$\sqrt 5=\sqrt{x*(5/x)}$

Now using the AM-GM inequality, we get;

$(x+(5/x))/2 \ge \sqrt{x*(5/x)}$

$\implies \sqrt 5 \le (x+(5/x))/2$

Thus, using this inequality as an approximation we can correlate the following iterative formula for calculating the value of $\sqrt 5$ as follows :

Let us consider a recursive sequence given by the formula : $x_{n+1}=(x_n+5/x_n)/2 ; \forall n \ge2; x_1=2$

$\implies x_2=(2+5/2)/2=2.25$

$\implies x_3=(2.25+5/2.25)/2=2.236111$

$\implies x_4=(2.236111+5/2.236111)/2=2.236068$

$\implies x_5=(2.236068+5/2.236068)/2=2.236068$

Thus, the sequence converges to the value $2.236068$ .

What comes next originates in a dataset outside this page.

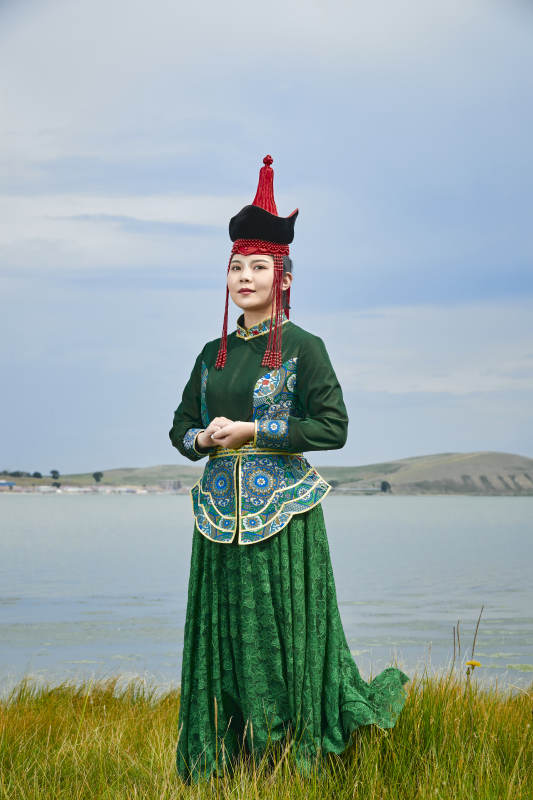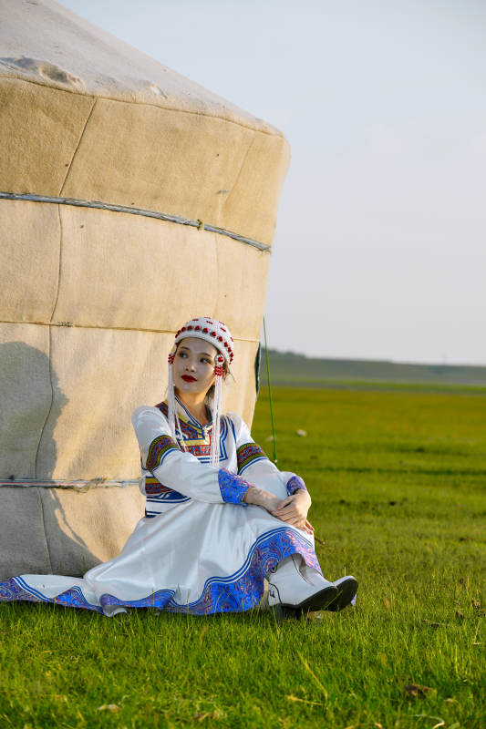 草原上穿着蒙古族传统服饰的亚洲年轻女性
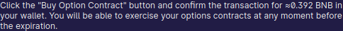 Review the cost of the option represented in BNB (the amount of BNB you need to have in your wallet).

Exact value : $\sqrt 5=2.2360679775...$ $\approx 2.23606$ (correct upto 5 decimal places)

$x_4=2.236068 \approx 2.23606$ (upto 5 decimal places)

Thus, we obtain the required value upto the required precision in 3 iterations only using the above defined sequence.